- **RECORDS FOR THIS EXERCISE**:
# # # #

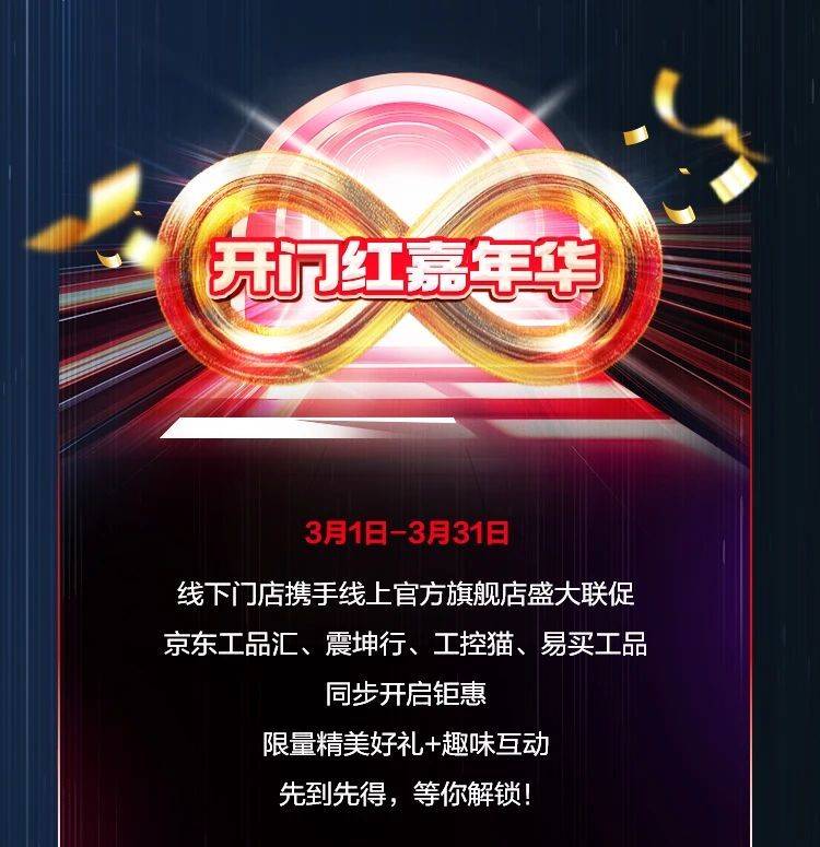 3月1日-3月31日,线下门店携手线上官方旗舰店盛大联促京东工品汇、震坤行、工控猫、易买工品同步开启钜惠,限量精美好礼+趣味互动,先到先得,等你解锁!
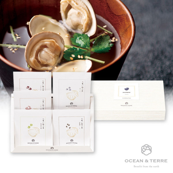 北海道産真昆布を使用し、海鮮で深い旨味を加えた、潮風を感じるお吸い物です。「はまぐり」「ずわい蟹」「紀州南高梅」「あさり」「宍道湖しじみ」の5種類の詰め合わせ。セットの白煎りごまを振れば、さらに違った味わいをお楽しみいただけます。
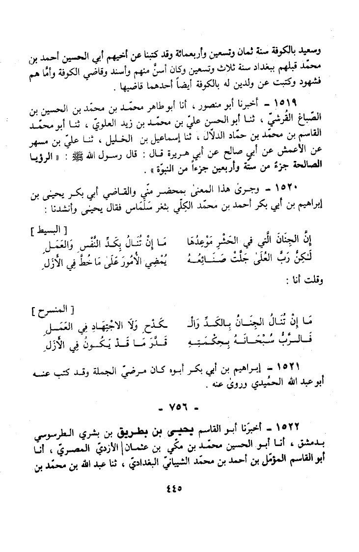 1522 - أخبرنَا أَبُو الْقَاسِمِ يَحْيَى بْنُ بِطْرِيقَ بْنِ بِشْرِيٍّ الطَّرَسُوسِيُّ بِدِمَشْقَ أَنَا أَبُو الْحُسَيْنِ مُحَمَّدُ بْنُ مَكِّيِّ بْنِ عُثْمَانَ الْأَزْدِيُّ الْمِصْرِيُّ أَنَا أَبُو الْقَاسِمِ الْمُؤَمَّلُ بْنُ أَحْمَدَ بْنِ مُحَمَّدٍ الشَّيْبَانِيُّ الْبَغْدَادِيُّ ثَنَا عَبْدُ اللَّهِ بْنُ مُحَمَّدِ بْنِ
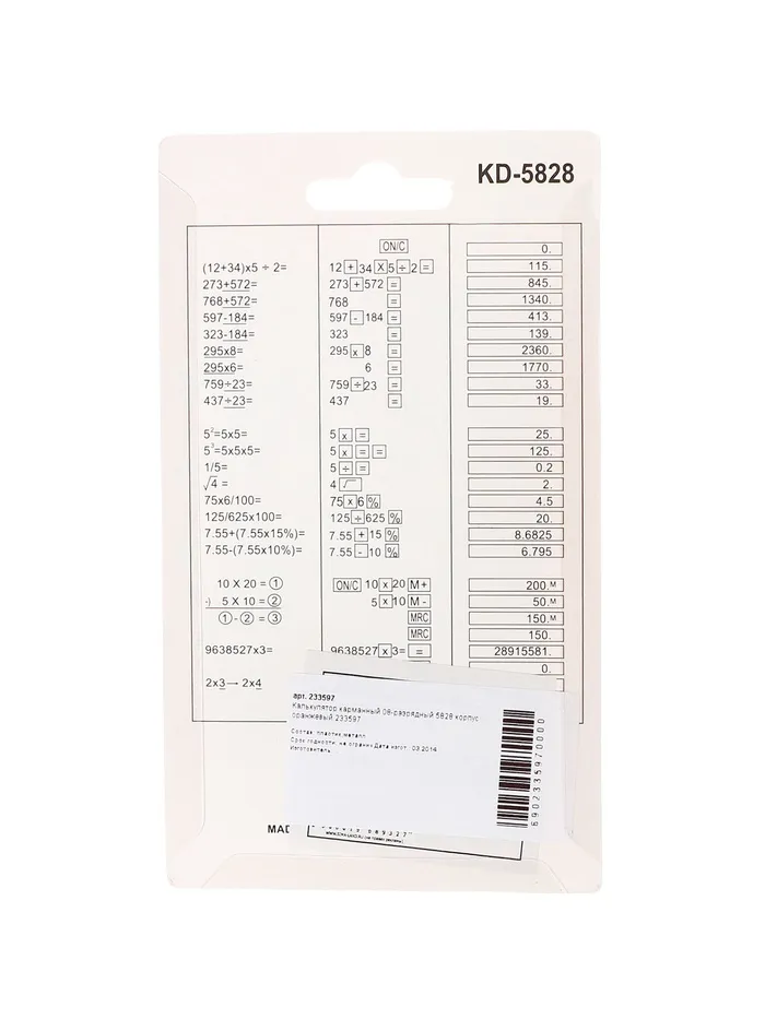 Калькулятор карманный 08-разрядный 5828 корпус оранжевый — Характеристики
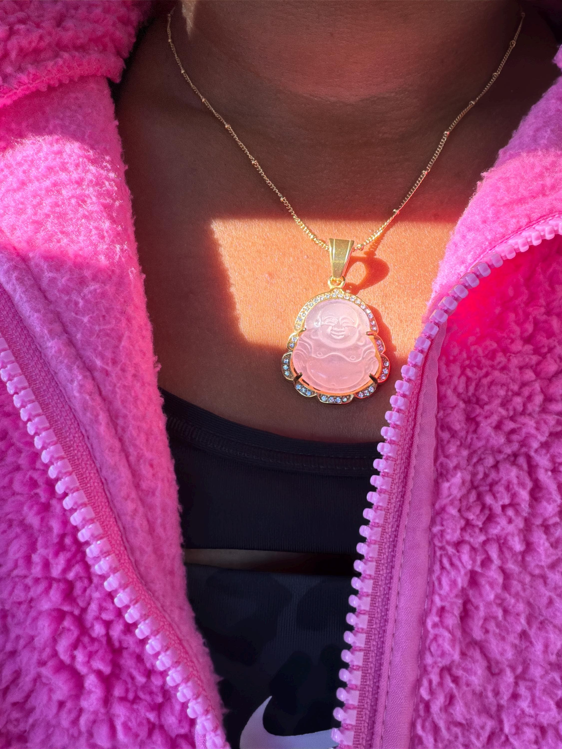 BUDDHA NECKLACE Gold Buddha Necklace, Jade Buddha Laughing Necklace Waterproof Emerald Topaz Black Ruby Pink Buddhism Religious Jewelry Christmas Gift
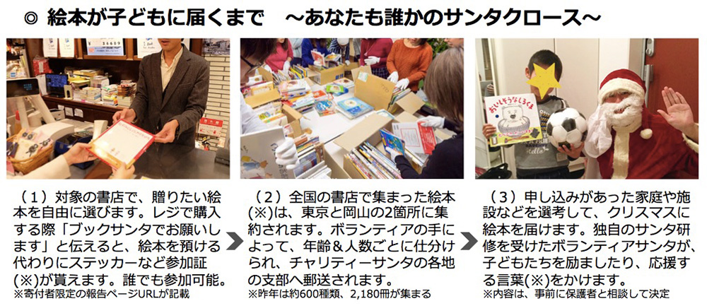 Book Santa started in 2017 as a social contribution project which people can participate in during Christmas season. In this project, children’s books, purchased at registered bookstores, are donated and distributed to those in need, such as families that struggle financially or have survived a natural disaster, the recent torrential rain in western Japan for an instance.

# # # #

- **WHAT YOU WILL DO**: Your task is to reproduce exactly the lines from the one that holds "BUDDHA NECKLACE Gold" to the last line of the listing, and only those, omitting the pictures.

- **SOLUTION FOR THIS TASK**:
 BUDDHA NECKLACE Gold Buddha Necklace, Jade Buddha Laughing Necklace Waterproof Emerald Topaz Black Ruby Pink Buddhism Religious Jewelry Christmas Gift
 Book Santa started in 2017 as a social contribution project which people can participate in during Christmas season. In this project, children’s books, purchased at registered bookstores, are donated and distributed to those in need, such as families that struggle financially or have survived a natural disaster, the recent torrential rain in western Japan for an instance.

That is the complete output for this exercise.